Reported by: isis Owned by: isis
Priority: Medium Milestone:
Component: Circumvention/BridgeDB Version:
Severity: Keywords: descriptors, tor-bridge, bridgedb, refactoring
Cc: sysrqb, isis@… Actual Points:
Parent ID: Points:
Reviewer: Sponsor:

Description

Some of this stuff I am not sure if it was part of some super old proposal for some descriptor type. Other stuff is just janky. For example, one of the bugs I just found, on L469 in lib/bridgedb/Bridges.py, wouldn't ever get hit because to my knowledge BridgeDB has never handed out fingerprints. But if it were to, with those lines, it would hand out PT bridges that look like this:

bridge obfs3 1.2.3.4:5555 keyid=0123456789abcdef0123456789abcdef01234567

with the part after keyid= being the bridge's fingerprint.

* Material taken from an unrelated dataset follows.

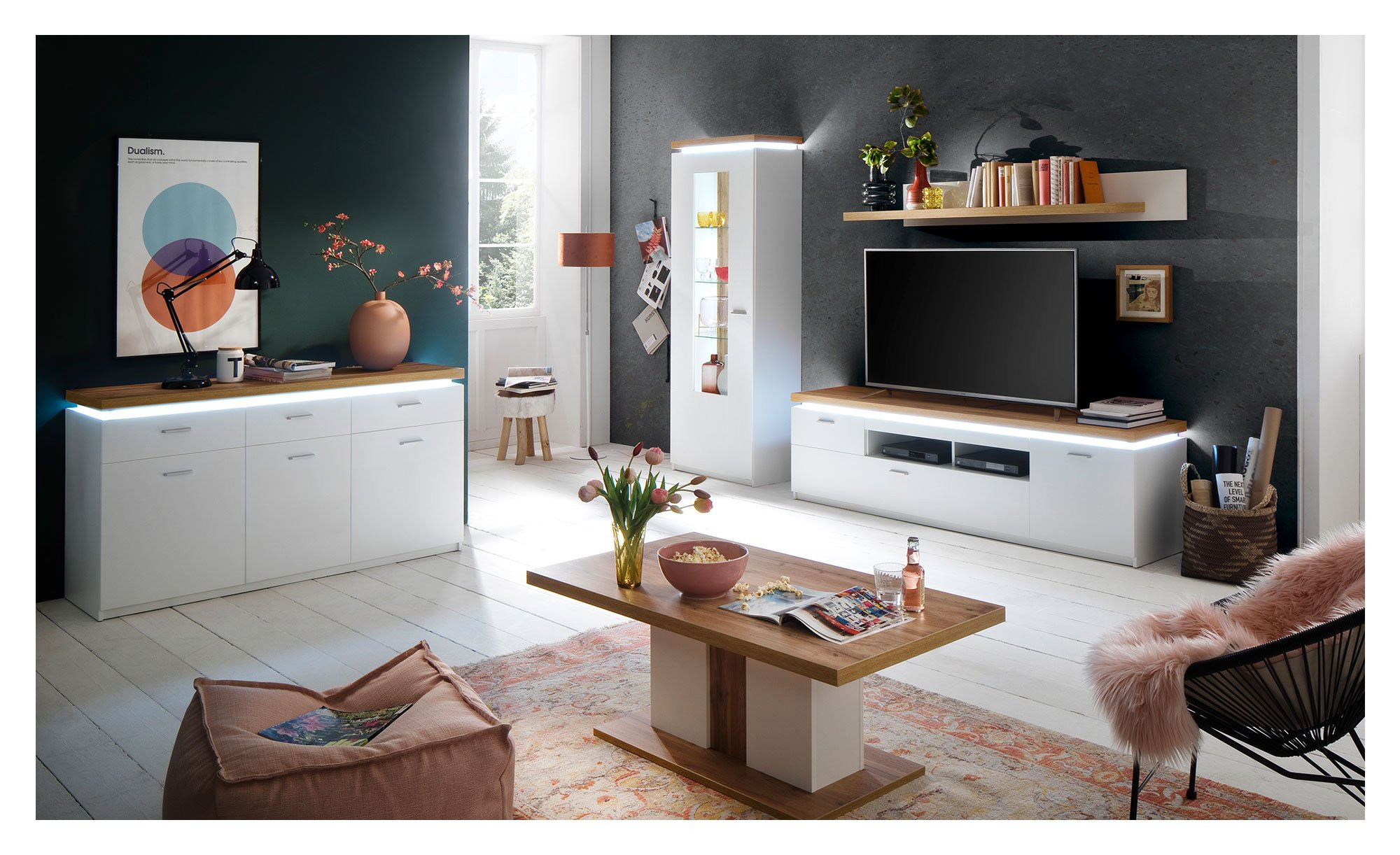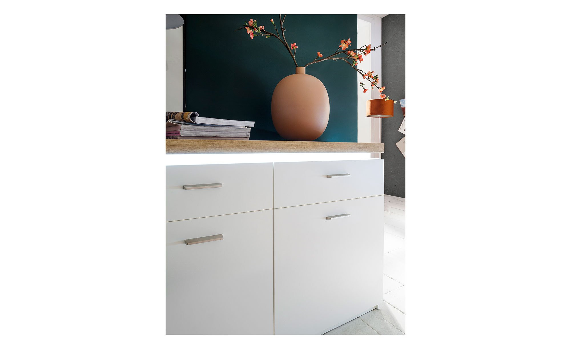 Das Sideboard Celine verbindet zeitloses Design mit praktischer Funktionalität und sorgt für ein hochwertiges Ambiente in Ihrem Wohn- oder Essbereich. Korpus, Fronten und Innenleben präsentieren sich in klassischem Weiß, während die Deckplatte im Wotan Eiche Dekor einen warmen, natürlichen Kontrast setzt. Dank integrierter LED-Beleuchtung wird die Absetzung zusätzlich hervorgehoben und macht das ca. 156 x 83 x 44 cm große Möbelstück zu einem echten Blickfang. Die melaminharzbeschichteten Oberflächen sind besonders kratzfest und pflegeleicht, wodurch das Sideboard ideal für den Alltag geeignet ist.

Another thing which I am currently looking into is BridgeDB's parsing of the networkstatus files, it seems BridgeDB expects there to always be an a line with the ORaddress, whereas this is only the case if the bridge has at least one IPv6 address.

BridgeDB also seems to think that a bridge/relay can't have more than 8 ORaddress:ORport pairs. I remember this discussed years ago, though I thought it was 16, and I don't recall if it was ever implemented in little-t tor.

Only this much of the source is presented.